Pierre Le Grand () was a French buccaneer supposedly active during the 17th century. He is known to history from only one source, Alexandre Exquemelin's Buccaneers of America, and thus his historical existence has been questioned.

Origins
Pierre was born in Dieppe, France. Nothing is known of his life before his arrival in Tortuga at some time in the mid-17th century.

Attack on Spanish galleon
Pierre le Grand is known only for his attack on a Spanish galleon near the coast of Hispaniola in the 17th century. The exact site of the attack is uncertain; Exquemelin at one point says the Caicos Islands were the scene of the crime, and at another point places the attack at Cape Tiburón, off the southwest coast of Hispaniola.
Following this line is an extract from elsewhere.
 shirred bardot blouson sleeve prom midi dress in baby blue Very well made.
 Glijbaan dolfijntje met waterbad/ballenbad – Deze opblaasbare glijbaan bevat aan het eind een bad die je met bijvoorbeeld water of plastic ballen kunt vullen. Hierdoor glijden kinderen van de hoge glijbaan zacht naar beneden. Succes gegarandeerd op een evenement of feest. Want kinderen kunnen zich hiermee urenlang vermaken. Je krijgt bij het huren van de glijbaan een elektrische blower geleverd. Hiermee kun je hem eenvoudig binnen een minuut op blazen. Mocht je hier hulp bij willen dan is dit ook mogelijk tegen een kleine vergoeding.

Pierre had recruited a crew of 28 men on a single small boat and sailed in search of Spanish ships to rob. After a long, fruitless cruise, his buccaneer band spotted a ship, a straggler from the Spanish treasure fleet. They voted to pursue it, and shortly after sunset, they drew alongside their prey without being seen.

The legend says that Pierre ordered the crew's surgeon to cut a hole in the side of their own boat and sink it, to inspire the men to fight their hardest for lack of a means of retreat. Then the pirates climbed up the side of the galleon, armed with swords and pistols.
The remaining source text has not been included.